Tetapi, apa daya kabar mengejutkan di pertengahan Januari 2025 kemarin, datang dari parlemen Irak yang setujui undang-undang yang izinkan perempuan di bawah 15 tahun menikah. Mengutip kabar tempo.co bahwa beberapa interpretasi dalam hukum Islam—diyakini oleh otoritas ulama syiah di Irak yang acap mengizinkan pernikahan dini pada anak perempuan, bahkan pada usia 9 tahun.
Artinya, dari hukum Irak ini bisa kita pastikan akan melegalkan pernikahan anak dan mencabut hak dasar perempuan dan anak perempuan. Mendengar kabar mengejutkan ini membuat kita begitu miris. Aturan hukum Islam yang tidak menempatkan aturan pada konteks kebaikan dan perkembangan zaman kini justru dapat disinyalir membuat kekisruhan. Dan ini adalah masalah dan tantangan besar kemanusiaan.

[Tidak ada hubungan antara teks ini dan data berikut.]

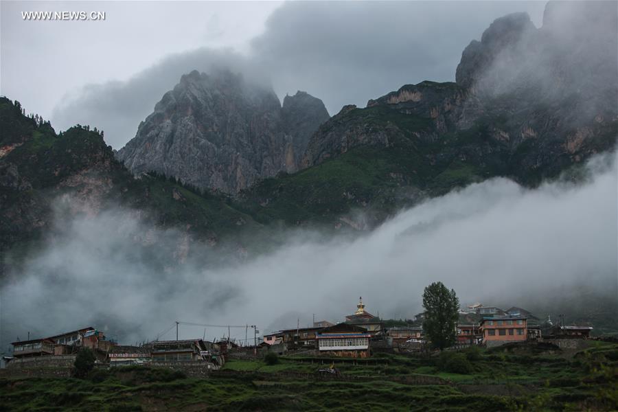 Photo taken on June 23, 2016 shows the fog scenery after a rainfall at Zhagana, a place with an average altitude of 3,000 meters in northwest China's Gansu Province. (Xinhua/Xin Yuewei)

Permasalahan di atas tentu merupakan masalah besar bagi kehidupan anak-anak Irak. Meskipun memang pernikahan anak di Irak sudah menjadi isu lama. Inilah bukti kegagapan dan kegagalan orang dewasa—memahami, memenuhi, dan merekonstruksi—kebutuhan masa depan yang baik untuk anak-anak.
Bahkan jika kita melihat sendiri masalah dalam kehidupan sehari-hari saat orang dewasa berhadapan dengan anak-anak. Masih belum berubah kiranya kesadaran pemahaman orang dewasa mengartikan dan memahami dunia anak-anak, yang tidak ‘seremeh’ itu. Seringkali kita sebagai orang dewasa alih-alih memperhatikan mereka, justru mengecilkan harapan anak-anak kepada kita.
Porsi dan Kesempatan yang Sama
Dalam buku Pangeran Kecil di atas, saya kira banyak kejadian yang sama terkait tokoh anak laki-laki menunjukkan hasil karya kecilnya kepada orang dewasa. Di cerita tersebut mengungkapkan bahwa dari pemahaman anak-anak, orang dewasa tak bisa melihat karya anak laki-laki dengan baik.
Orang dewasa justru tak bisa memahami apa dan bagaimana respon yang bisa mereka berikan kepada anak-anak. Dan tentu saja, itu mengecilkan hati mereka. Anehnya, pangeran kecil yang seumuran dengan anak laki-laki itu yang bisa memahami.
Saya pernah mendengar cerita orang tua ketika salah satu tetangga memarahi anak SD karena kesalahan kecil yang ia lakukan di Masjid. Bahkan tidak hanya memarahi, tapi juga sedikit memukul. Meski tetap saja, tidak semestinya anak itu mendapat perlakuan negatif. Sebaiknya, orang dewasa cukup menasihati dan memberi contoh yang baik. Sebab, perlakuan negatif yang anak terima hanya akan berdampak buruk dan meninggalkan rekam memori yang kurang baik.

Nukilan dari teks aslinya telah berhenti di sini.